Al principio, emergen los miedos más pueriles y que menos afectan a tus entrañas. En
mi caso, si seguía por el rumbo correcto o si mi velocidad me iba a permitir continuar el
itinerario. Luego, cuando das respuesta acto seguido, se nubla la vista; porque sabes que
ese instante que querías evitar ha llegado. Ahora, no florecen a velocidad de vértigo. En
cambio, aparecen como un goteo, lentos, casi inadvertidos. Esto sucede porque nuestro
corazón no está acostumbrado a abrirse a nosotros mismos, pero sí está habituado a ser
anestesiado a base de falsas soluciones.

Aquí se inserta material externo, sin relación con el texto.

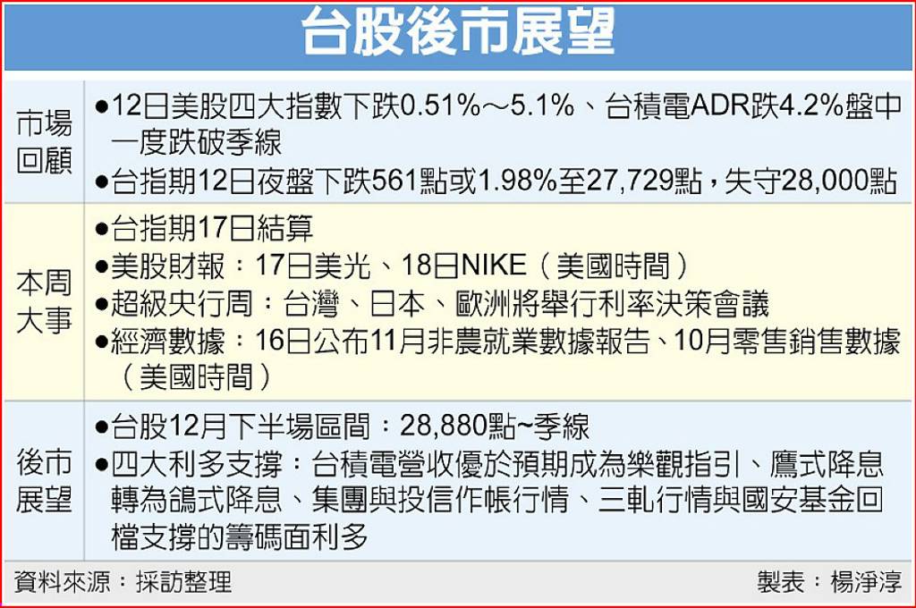 台股本周波動將加劇,台指期17日結算,為今年最後一個月結算日,法人調整部位可能將加大波動,而美股還有美光以及NIKE將公布財報,此外,台、日及歐洲央行會議本周同步登場,日央升息議題引發市場關注,而美國則是要公布11月非農就業數據、10月零售銷售。

El primer miedo es parido, con un amargo dolor
que se esparce por las junturas de mi cuerpo: miedo a ser olvidado. Mi vello se eriza.
Después de varios minutos, el segundo miedo cae sobre mí: miedo a fracasar como
persona en la incertidumbre del mañana —y del hoy—. Los estómagos se retuercen.
Mientras el tercer miedo se prepara para ser expelido, un chillido ensordece mis oídos.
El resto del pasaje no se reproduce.